Einige Mädchen lehnen die Pille aufgrund des chemischen Eingriffs in die natürliche Funktion des Körpers ab oder weil sie eine Gewichtszunahme und andere Nebenwirkungen fürchten. Eine Reihe von jungen Frauen empfinden Kondome als ‚irgendwie ekelig’ oder die sexuelle Situation beeinträchtigend.

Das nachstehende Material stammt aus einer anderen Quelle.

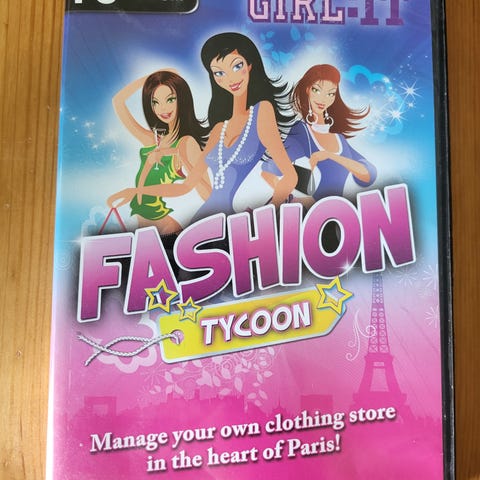 Girl-It Fashion Tycoon PC Spill. Spill der du kan administrere din egen klesbutikk i hjertet av Paris. Inkluderer oppgaver som å designe klær og håndtere butikkdrift. Passer for PC-plattform.mangler manual.

Andere Jugendliche, die nicht verhütet haben, argumentieren mit Gründen wie dem Absetzen der Pille wegen Nichtvertragens oder mit Schwierigkeiten bei der Beschaffung derselben aus Angst vor Frauenarztbesuchen (Remberg 2001a: 5).

Der Geschlechtsverkehr war häufig auch so spontan, dass sie entweder nicht an Verhütung dachten oder keine Zeit dazu blieb, entsprechende Kontrazeptiva zu besorgen Die Mädchen waren also nicht in der Lage, notwendige Fristen ohne Geschlechtsverkehr einzuhalten bzw. mit anderen Verhütungsmitteln zu überbrücken.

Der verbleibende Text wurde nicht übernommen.